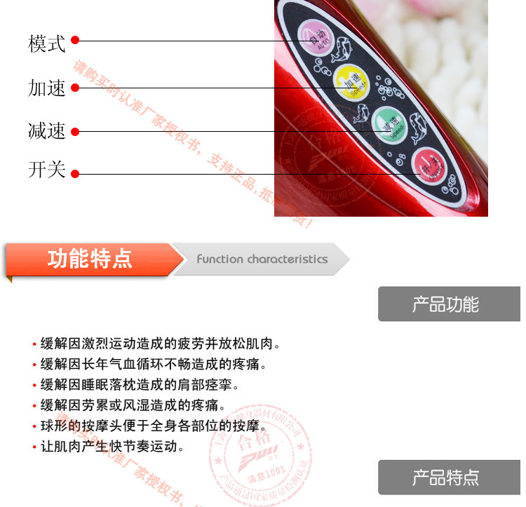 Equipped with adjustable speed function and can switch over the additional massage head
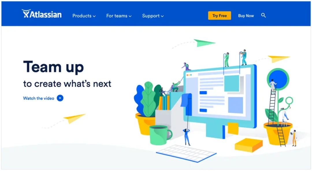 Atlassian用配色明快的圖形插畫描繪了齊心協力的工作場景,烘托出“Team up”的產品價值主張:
━━━━
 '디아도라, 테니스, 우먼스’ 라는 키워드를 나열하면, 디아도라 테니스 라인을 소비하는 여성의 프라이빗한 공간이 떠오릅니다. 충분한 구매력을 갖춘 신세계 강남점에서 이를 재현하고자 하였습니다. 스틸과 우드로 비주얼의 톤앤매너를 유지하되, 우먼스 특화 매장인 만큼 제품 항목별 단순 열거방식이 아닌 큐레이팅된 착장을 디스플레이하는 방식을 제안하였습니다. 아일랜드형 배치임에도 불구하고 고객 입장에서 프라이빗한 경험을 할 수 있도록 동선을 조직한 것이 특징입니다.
━━━━
## [Description of the task]
Copy back exactly the lines above from the one containing "Equipped with adjustable" through the one containing "Atlassian用配色明快", and leave every picture behind.

## [Result of this exercise]
 Equipped with adjustable speed function and can switch over the additional massage head
 Atlassian用配色明快的圖形插畫描繪了齊心協力的工作場景,烘托出“Team up”的產品價值主張:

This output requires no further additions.